VPN et FAI : que peut voir votre fournisseur d’accès ?

Les FAI ont toujours eu accès à une partie de votre trafic Internet, c’est structurel. Votre box est leur équipement : ils voient les sites que vous consultez, le temps que vous y passez, le type d’appareil utilisé, et bien d’autres métadonnées.
Ce que les FAI peuvent réellement observer a cependant évolué en 2025-2026, notamment avec l’arrivée de protocoles furtifs capables de masquer jusqu’à l’existence même d’une connexion VPN. Nous avons mis cet article à jour pour refléter ces changements.
Voici ce que votre fournisseur d’accès à Internet peut, ou ne peut pas, voir lorsque vous utilisez un VPN aujourd’hui.

Les FAI peuvent-ils voir que vous utilisez un VPN ?

En règle générale, oui.

Un fournisseur d’accès à Internet reconnaît les caractéristiques de votre trafic, comme le protocole de chiffrement utilisé ou l’adresse IP d’un serveur VPN.

L’arrivée de protocoles dits “furtifs” (Stealth de Proton VPN ou encore NordWhisper chez NordVPN) change la donne : ils masquent le trafic VPN en le faisant passer pour du trafic HTTPS classique.

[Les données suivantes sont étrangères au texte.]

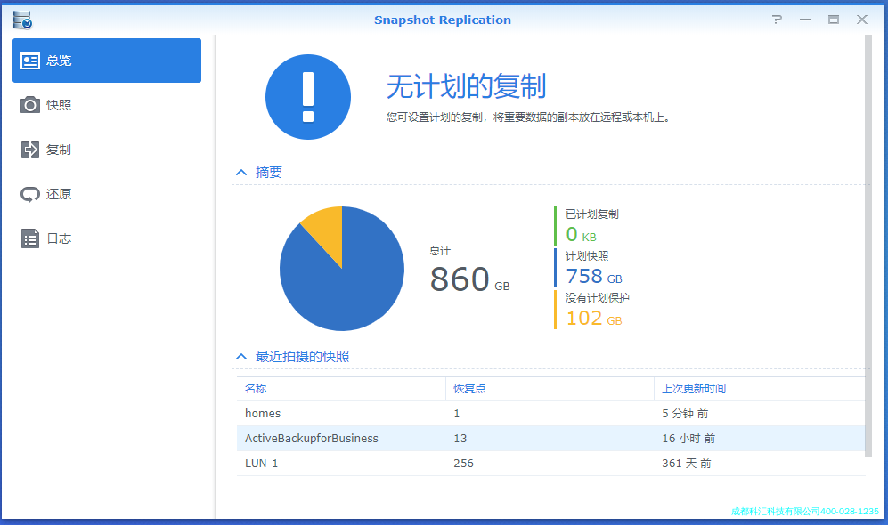 备份支持:支持备份/还原:集中备份企业服务器、虚拟机和云端数据,支持VMware虚拟机/,虚拟机/PC/服务器,并在业务系统宕机无法启动时,可以通过群晖自带的虚拟机还原业务系统,并启动虚拟机顶替业务,起到灾备作用;
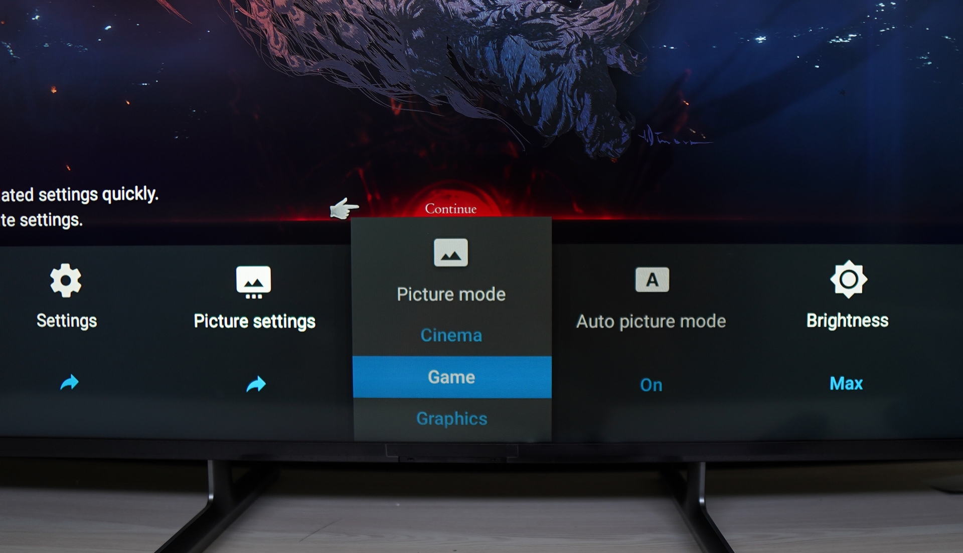 Οι κύριες δοκιμές που κάναμε αφορούν τη χρήση της σαν τηλεόραση για το PlayStation 5. Συνδέσαμε το PS5 στην HDMI 3 θύρα και εκκινώντας το, η τηλεόραση άμεσα κατάλαβε ότι έχει να κάνει με κονσόλα και ενεργοποίησε αυτόματα το game mode, χωρίς να υπάρχει δυνατότητα να το αλλάξουμε. Το PS5 από τη πλευρά του, ενεργοποίησε όλα τα απαραίτητα gaming χαρακτηριστικά, όπως το high refresh rate, το VRR και το ALLM. Το ALLM μειώνει αυτόματα το input lag ενώ το VRR ρυθμίζει αυτόματα το refresh rate στο τρέχον frame rate, ώστε η εμπειρία gaming να είναι όσον το δυνατόν καλύτερη.
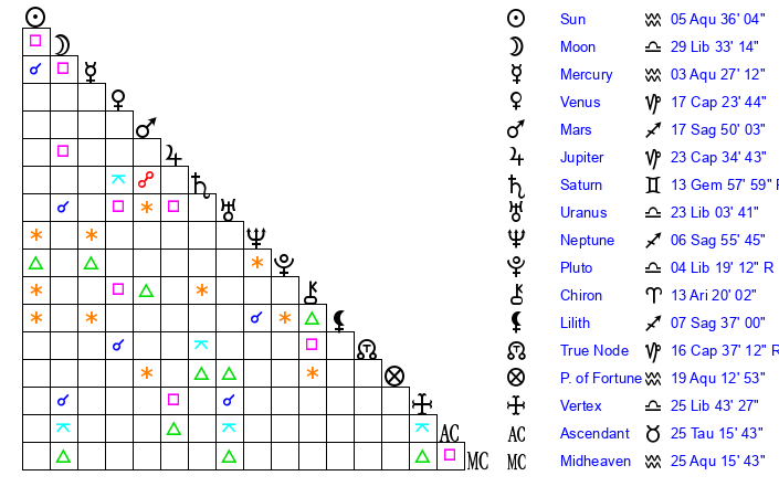 | Sun | 5 Aquarius 36 | 5 Aquarius 59 | 27 Pisces 57 |

Dans ce cas, même votre FAI ne peut plus dire avec certitude que vous êtes derrière un VPN.

Quoi qu’il en soit, le contenu de vos activités (sites visités, vidéos regardées, données échangées) reste chiffré et illisible.

Illustration : installer un VPN sur son ordinateur

Que voit votre FAI lorsque vous utilisez un VPN ?

Pour faire simple, pas grand-chose.

La seule chose que les FAI peuvent voir est l’information sur le serveur VPN par lequel vous faites transiter votre connection Internet. Il vous sert d’intermédiaire. Voici un tableau récapitulatif de la façon dont les informations apparaissent aux FAI avec et sans VPN :

Sans VPN Avec VPN
Téléchargements Site de téléchargement + taille du fichier téléchargé L’ensemble est caché
Temps passé sur une page Internet Horodatage complet de chaque URL Caché
Historique de navigation Toutes les URLs L’ensemble est caché
Heures de connexion Informations complètes Uniquement le serveur VPN
Votre localisation Tracée par l’adresse IP Uniquement l’adresse IP du serveur VPN
Consommation de données et de bande passante Information complète Uniquement le serveur VPN
Torrent Votre adresse IP Cachée
Service de streaming Quel service et le temps passé dessus Caché
Port de connexion Information complète sur le port Uniquement le serveur VPN

 

Pour en savoir plus : Quels sont les inconvénients des VPN ?

Pourquoi un fournisseur d’accès à Internet voit-il toujours certaines informations ?

L’Internet fonctionne en envoyant du trafic d’un serveur à un autre. Pour vous connecter, vous devez avoir un serveur comme point de départ. Il est inévitable que votre FAI voit ce saut vers le serveur VPN.

Toutefois, chaque serveur VPN est utilisé par un grand nombre d’utilisateurs (plusieurs centaines), de sorte que les informations sur le serveur sont connues de tous et ne fournissent aucune indication aux FAI permettant de faire le lien en vous et ce que vous faites en ligne.

Bien choisir son VPN pour cacher votre activité à votre FAI

Lorsque votre trafic est chiffré, seuls l’expéditeur et le destinataire disposent des clés pour en déverrouiller le contenu, pour tout autre observateur, ces données sont illisibles. Les meilleurs VPN s’appuient sur le chiffrement AES-256, considéré aujourd’hui comme la norme de référence pour la protection des données en transit.
Au-delà du chiffrement, un bon service VPN minimise les failles potentielles en matière de confidentialité. En cas de coupure de connexion, le kill switch est une fonction essentielle : elle bloque automatiquement tout trafic non chiffré pour éviter toute exposition accidentelle à votre FAI.

Pour conclure

Sans VPN, votre FAI dispose d’une vue complète sur votre activité en ligne : sites visités, horodatage, volume de données, type de trafic. Un VPN chiffré réduit cette exposition à sa portion la plus réduite, l’adresse IP du serveur VPN, partagée par des centaines d’utilisateurs simultanés, sans lien possible avec vous.
La protection de la vie privée numérique ne concerne pas uniquement ceux qui pourraient avoir quelque chose à cacher. C’est une question de principe : personne ne devrait avoir à justifier le fait de ne pas vouloir être surveillé dans ses activités quotidiennes en ligne.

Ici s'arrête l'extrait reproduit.